Open HackToHell opened 5 years ago
Was able to isolate logs better, getting
WARN: 2019/02/28 16:09:51.536184 Vetoed installation of hairpin flow FlowSpec{keys: [InPortFlowKey{vport: 1} EthernetFlowKey{src: 12:cc:f5:35:61:28, dst: 66:2f:0f:7c:15:6d}], actions: [OutputAction{vport: 1}]}
WARN: 2019/02/28 16:09:52.536743 Vetoed installation of hairpin flow FlowSpec{keys: [EthernetFlowKey{src: 12:cc:f5:35:61:28, dst: 66:2f:0f:7c:15:6d} InPortFlowKey{vport: 1}], actions: [OutputAction{vport: 1}]}
WARN: 2019/02/28 16:09:54.540654 Vetoed installation of hairpin flow FlowSpec{keys: [EthernetFlowKey{src: 12:cc:f5:35:61:28, dst: 66:2f:0f:7c:15:6d} InPortFlowKey{vport: 1}], actions: [OutputAction{vport: 1}]}
WARN: 2019/02/28 16:09:58.548697 Vetoed installation of hairpin flow FlowSpec{keys: [EthernetFlowKey{src: 12:cc:f5:35:61:28, dst: 66:2f:0f:7c:15:6d} InPortFlowKey{vport: 1}], actions: [OutputAction{vport: 1}]}
WARN: 2019/02/28 16:10:06.570492 Vetoed installation of hairpin flow FlowSpec{keys: [EthernetFlowKey{src: 12:cc:f5:35:61:28, dst: 66:2f:0f:7c:15:6d} InPortFlowKey{vport: 1}], actions: [OutputAction{vport: 1}]}
WARN: 2019/02/28 16:10:08.568584 Vetoed installation of hairpin flow FlowSpec{keys: [EthernetFlowKey{src: 12:cc:f5:35:61:28, dst: 66:2f:0f:7c:15:6d} InPortFlowKey{vport: 1}], actions: [OutputAction{vport: 1}]}
IN
12:cc:f5:35:61:28 is the weave bridge IP.
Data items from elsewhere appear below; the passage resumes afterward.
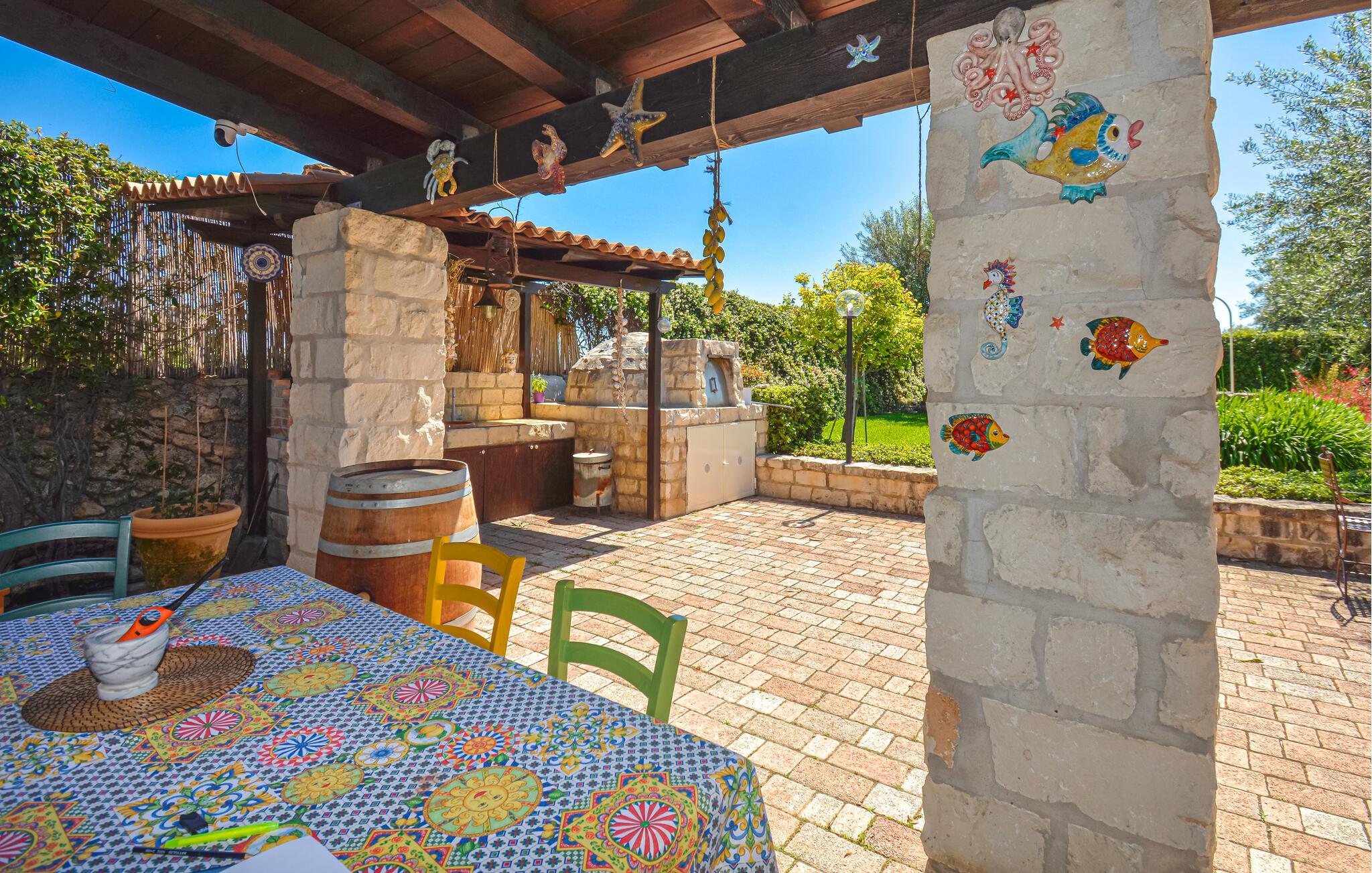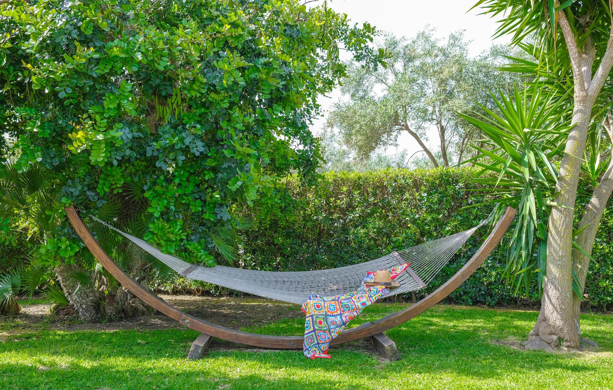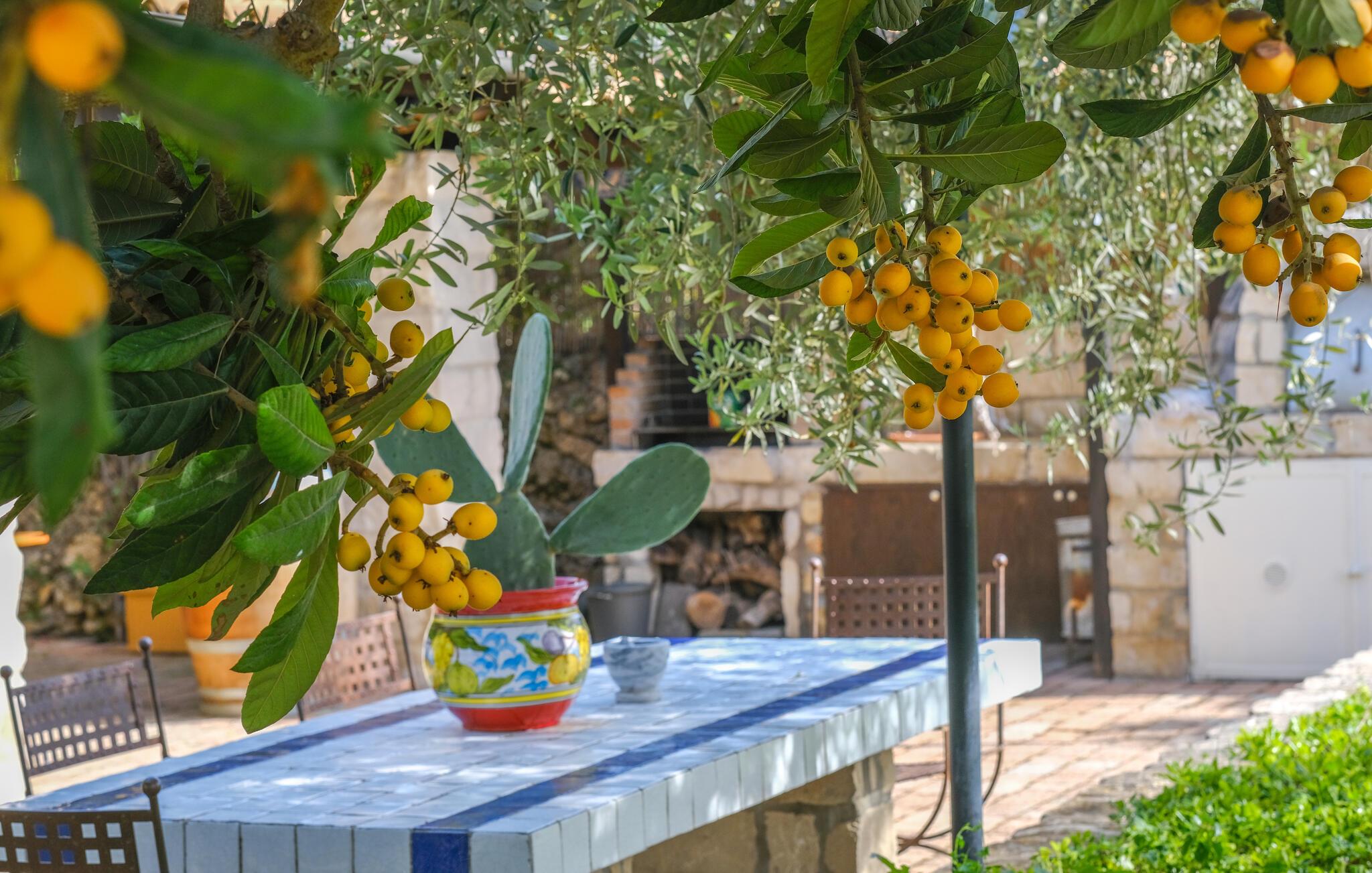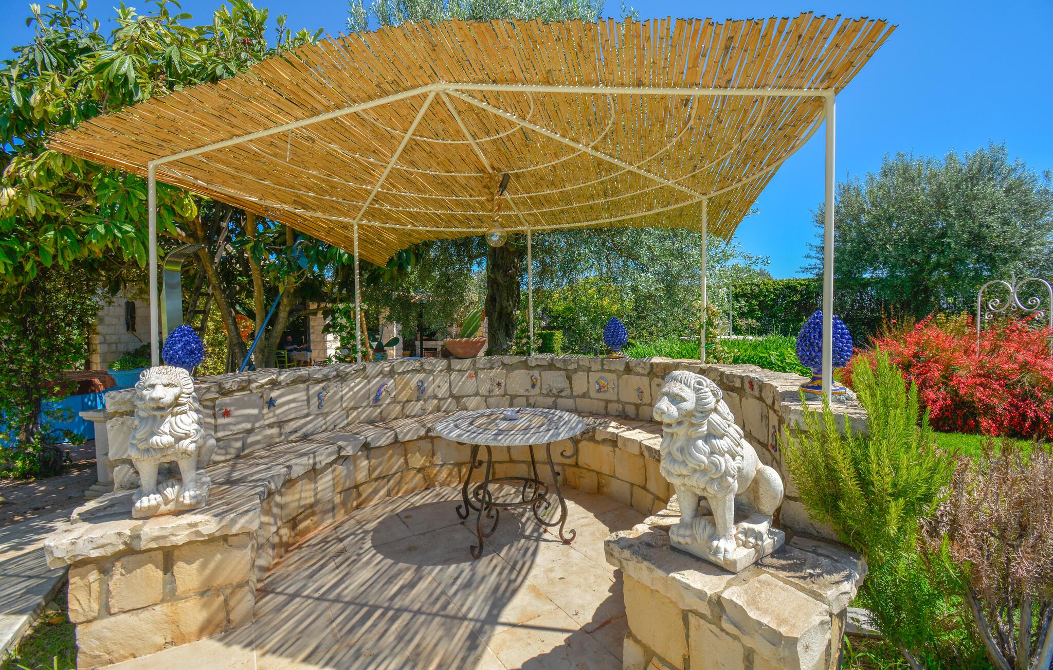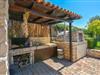 Dette charmerende feriehus tilbyder ideelle betingelser for en afslappende udendørsferie. Omgivet af en velholdt have med middelhavsplanter, vil I nyde masser af fred, komfort og privatliv. Tilbered jeres måltider i det farverige køkken med håndmalede fliser og traditionelle møbler. Brug den overdækkede terrasse til morgenmad i skyggen eller en hyggelig middag ved det farverigt dækkede bord. Lav mad i udendørskøkkenet med grill og stenovn. Slap af i spabadet eller tag en pause på liggestolen under palmerne. Den store swimmingpool er havens midtpunkt og giver forfriskning på varme dage. Læn jer tilbage med en bog i hængekøjen eller nyd udsigten fra det halvcirkelformede siddeområde under markisen.
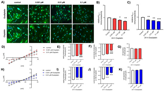 To evaluate the function of Kir4.1, patch-clamp measurements were performed (Figure 3D,H). When cultured spinal astrocytes were exposed to 0.01 µM cisplatin, the resting membrane potential was reduced (−68.36 ± 0.67 mV; p < 0.001), compared to the control conditions (−77.71 ± 0.66 mV) and to cells exposed to 0.001 µM cisplatin (−76.70 ± 0.70 mV, p > 0.05) (Figure 3E). Similar effects were observed for the current density; 0.001 µM cisplatin did not lead to an effect (−54.20 ± 2.89 pA/pF, p > 0.05), while 0.01 µM cisplatin reduced the current density of Kir4.1 (−33.24 ± 2.09 pA/pF, p < 0.001), compared to untreated control cells (−56.35 ± 1.29 pA/pF) (Figure 3F). Exposure of spinal astrocytes to cisplatin did not alter the capacity of the cells after 24 h (p > 0.05) (Figure 3G). When cultured astrocytes were exposed to oxaliplatin, all concentrations reduced the resting membrane potential (0.001 µM: −62.48 ± 0.67 mV, p < 0.001; 0.01 µM: −64.42 ± 1.72 mV; p < 0.001), compared to untreated cells (−78.88 ± 0.91 mV) (Figure 3I). The current density of Kir4.1 in spinal astrocytes was also reduced by exposure to 0.001 µM (−37.46 ± 3.08 pA/pF, p < 0.001) or 0.01 µM (−27.84 ± 2.75 pA/pF, p < 0.001) oxaliplatin (Figure 3J). Similar to cisplatin, the cell capacity of spinal astrocytes was not altered by oxaliplatin (p > 0.05) (Figure 3K).
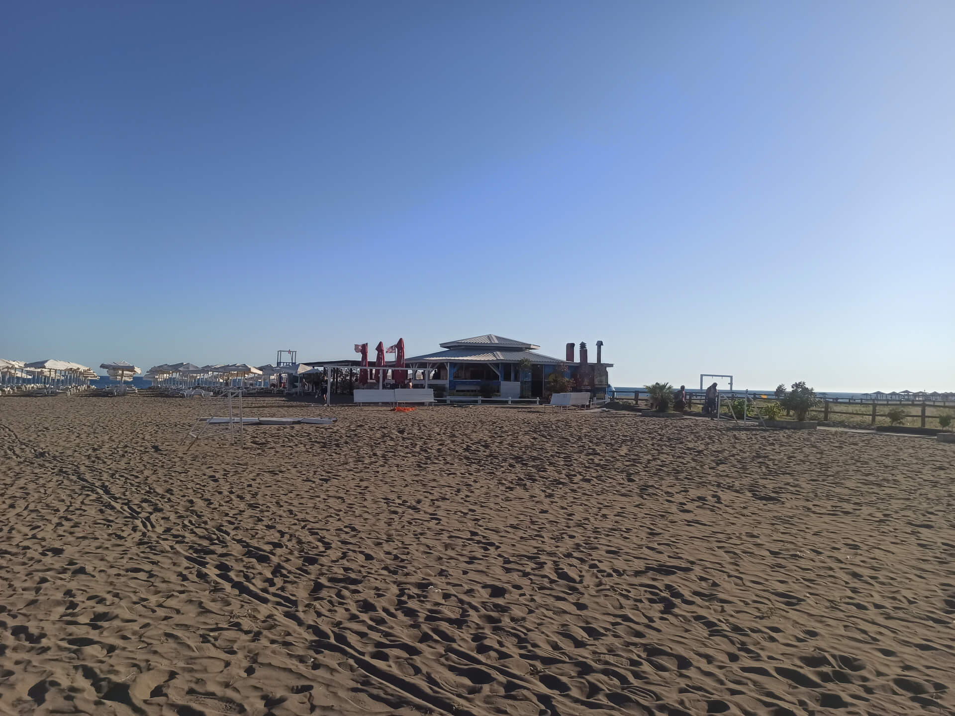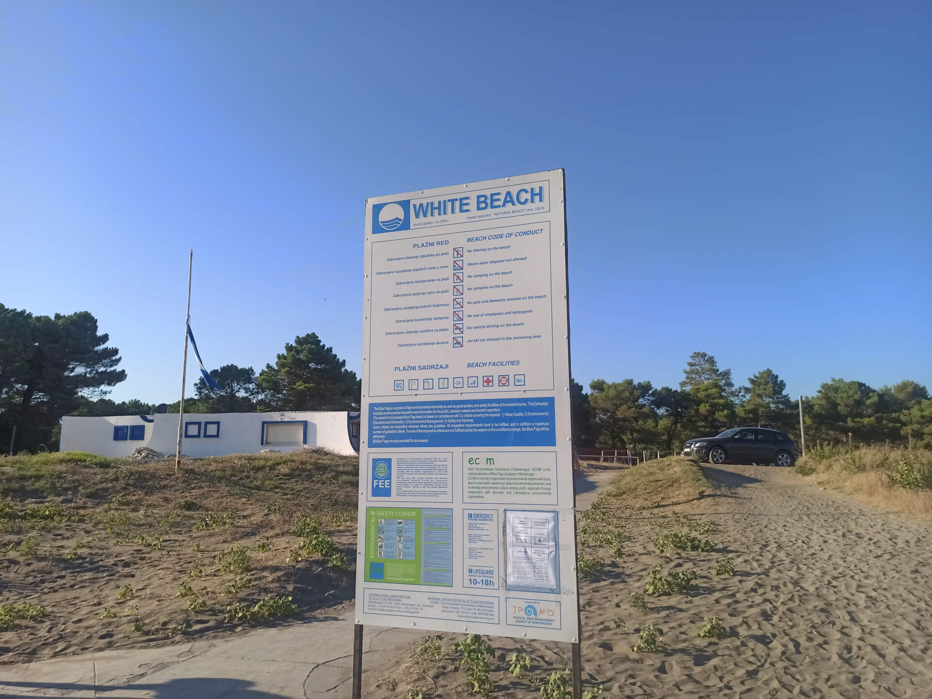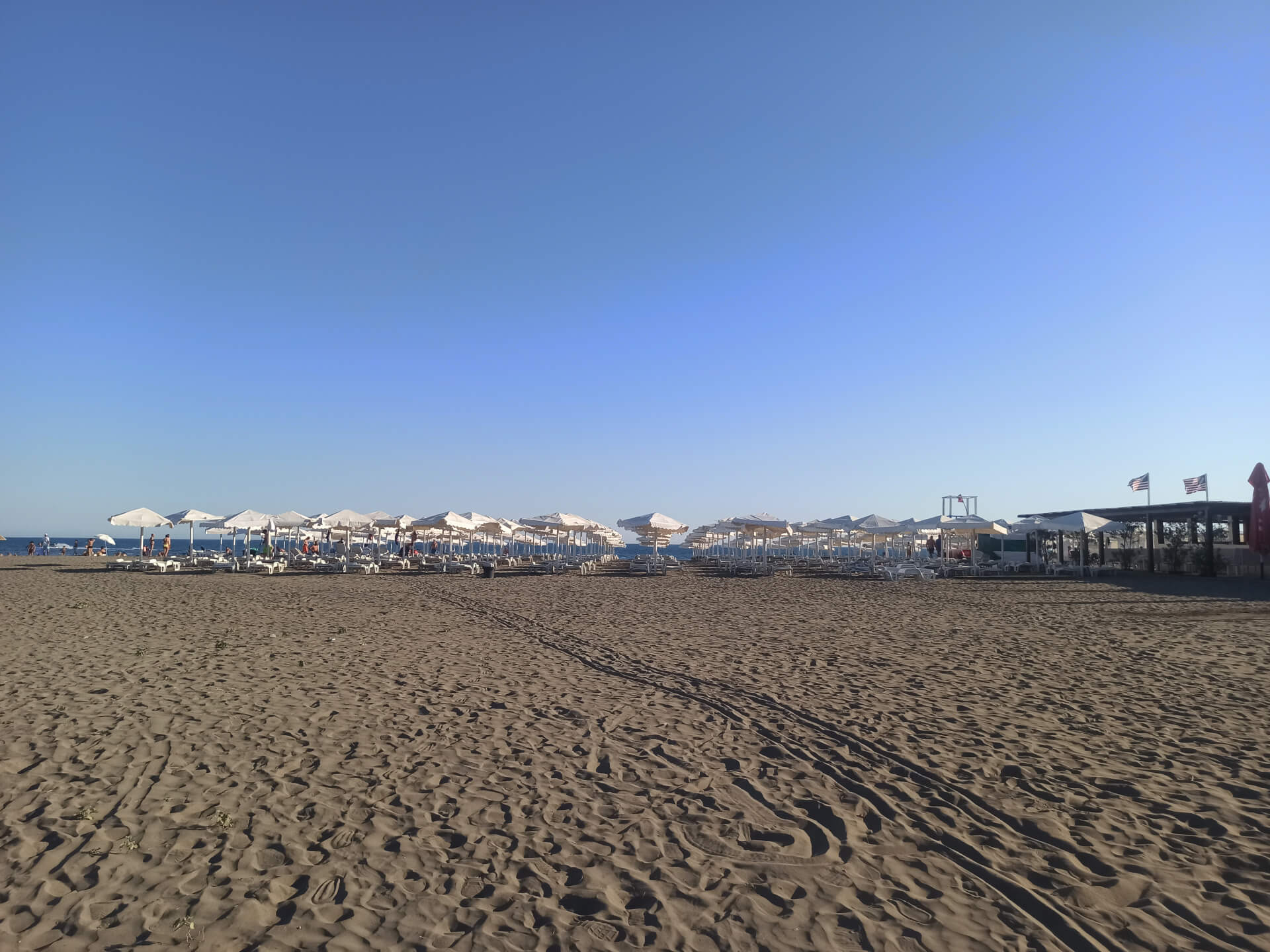 Blue Flag. Blue Flag is a sign of a good quality beach with great services. The beach has beautiful white beach furniture - white loungers, sunbeds and umbrellas that you can rent to chill at this lovely sandy beach. The beach has toilets, showers, changing rooms, playground and parking.
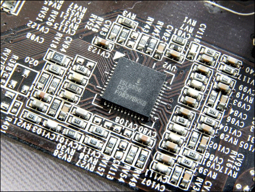 CPU核心供电部分主控PWM芯片为Intersil ISL6336 PWM IC,完整支持六相供电方案,支持英特尔最新的VRM 11.1规格,具有自动调整供电相数的节能功能。ISL6336通过采用连续检测输出电流的专利技术,可以满足新型微处理器对严格的稳压输出电压位置的要求。这些控制器可以测量输出电感器或专用电流检测电阻器DCR两端的电压,为精确压降、通道电流平衡和过流保护提供所需的信号。
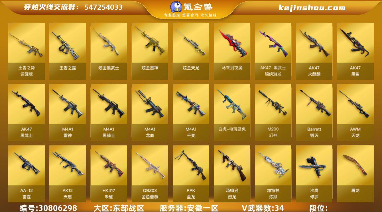 安徽一区 可二次 75v M200-幻神 星神-炽天使 USP-神工天巧 白虎电玩蓝兔 HK417-朱雀 Barrett-毁灭 (耀金+音效卡) M4A1-雷神 (冠军之魄+赵云) QBZ03-金色蔷薇 (冠军之薇+音效卡) 王者之势觉醒版 M4A1-黑骑士 (马超+音效卡) M4A1-千变 M4A1-龙血 *2 AK47-火麒麟 *6 无影神兵利器 AK47-黑武士 *2 黑武士-锦绣游龙 AK47-黑鲨 AK12-天启 烈火动感闪耀 汤姆逊-烈龙 *4 RPK-盘龙 加特林-炼狱 王者之霆觉醒版 AA-12-雷霆 *3 AWM-天龙 *2 炫金雷神 炫金武士 炫金天龙 金色小号 AK常胜将军 黄金AK 闪光弹雷霆王者觉醒版 *2 烟雾弹雷霆王者觉醒版 *2 高爆手雷神工天巧 闪光弹神工天巧 *3 烟雾弹神工天巧 高爆手雷夜魔 闪光弹夜魔 烟雾弹夜魔 动感闪耀手雷 手雷-热带奇洋 迷你生化手雷 【王者武器】 高爆手雷雷霆王者 *3 【副武器类型】 USP-神工天巧 沙鹰-修罗 *5 天神动感闪耀 Colt1911小故障 【近身武器类型】 屠龙 *3 屠龙秘银 屠龙动感闪耀 龙啸 *2 麒麟刺 擎天 马来剑-夜魔 荣耀之证 龙啸-烈火龙威 金刚伞电玩红兔 军用手斧镜 夺魂 【稀有角色】 王者-瞳-闭月羞花 (4防) 女主播 (4防) 灵动武士 职业选手 魅影 奇洋探员 乔伊教练 麻雀 黄金海岸 影武者X 暗夜X 铁骑荣耀 新娜塔莎 幻影 堕天使 复仇者 超级护目镜 闪光护目镜 超级背包 【武器皮肤及道具】 QBZ03-冠军之薇 雷神-冠军之魄 M4A1-战神赵云 雷神-暗月 火麒麟-心动糖果 毁灭-墨兰 毁灭-直播专属 毁灭耀金 黑骑士-战神马超 修罗-CFSTAR 毁灭音效卡 火麒麟音效卡 黑骑士音效卡 QBZ03-金色蔷薇音效卡 PX_1984630
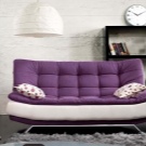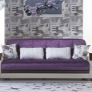 За други помещения можете да изберете опция от кадифе, еко кожата се показа не по-малко добре. С помощта на текстилна тапицерия можете да направите лилавия си диван по -домашен и уютен. Ако изберете светли нюанси на текстурирани тъкани (рипс, кадифе, руно), можете да получите допълнителна топлина и насипно състояние.
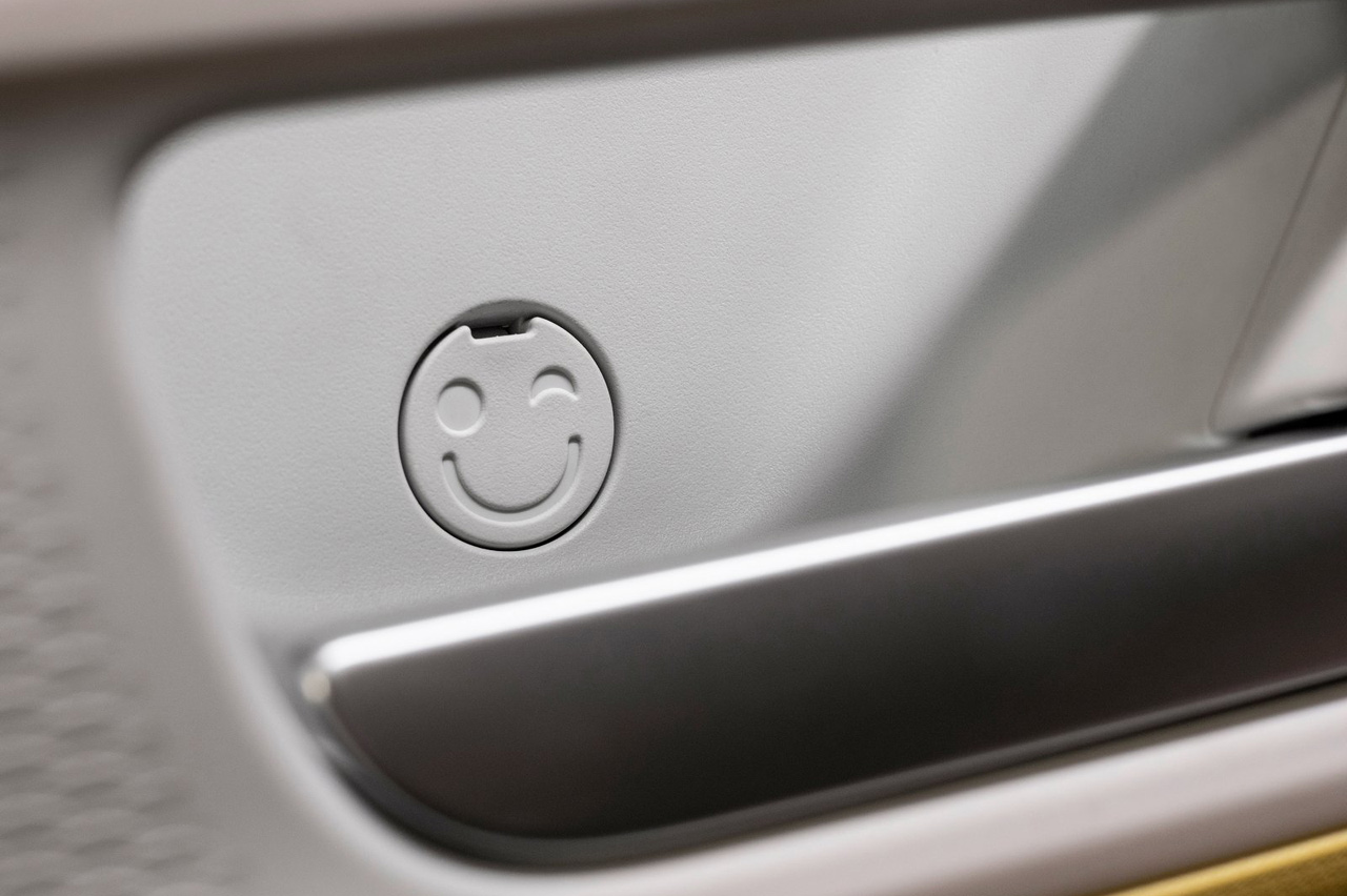 Cuando estás sentado en las plazas delanteras y accionas el tirador para abrir las puertas, podrás ver una pequeña carita sonriente guiñando un ojo. Estas están moldeadas en las tapas de plástico que cubren los tornillos con los que se sujeta el guarnecido a la propia puerta.
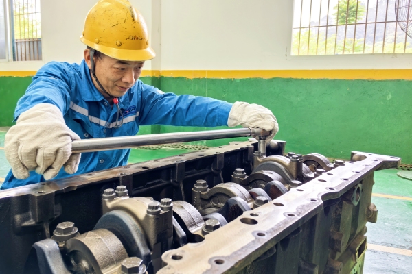 礦山分廠工程機械維修工馮勝元全神貫注地操控著扭力扳手,對TR50礦車發(fā)動機連桿螺栓實施精準施力。這項看似簡單的預緊作業(yè),實則是保障動力核心穩(wěn)定運轉(zhuǎn)的關鍵工序,凝結(jié)著延長設備服役周期的匠心。(胡萬禹/攝)
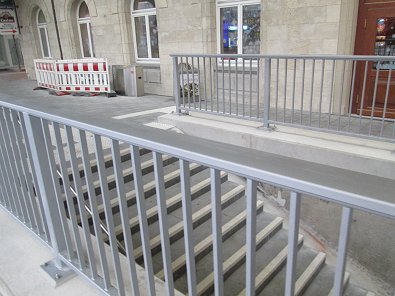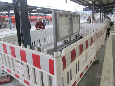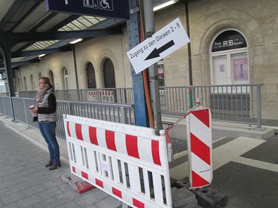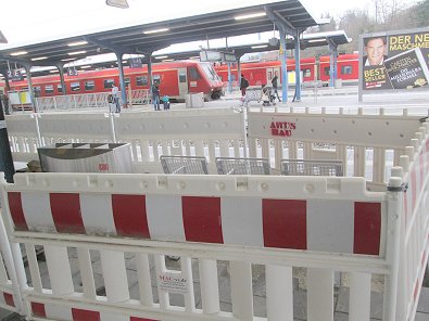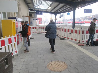 Stuttgart vom unsinnigen Gleis eins aufs Gleis zwei kommen. Die Absperrungen

6: weave: <BROADCAST,MULTICAST,UP,LOWER_UP> mtu 1376 qdisc noqueue state UP group default qlen 1000
link/ether 12:cc:f5:35:61:28 brd ff:ff:ff:ff:ff:ff
inet 10.32.200.0/16 brd 10.32.255.255 scope global weave
valid_lft forever preferred_lft forever
inet6 fe80::10cc:f5ff:fe35:6128/64 scope link
valid_lft forever preferred_lft forever
Looks like it was an issue in Openshift SDN
OpenShift and Weave Net are implemented in completely different ways; there is no reason to suppose that a similar symptom in one would be related to another.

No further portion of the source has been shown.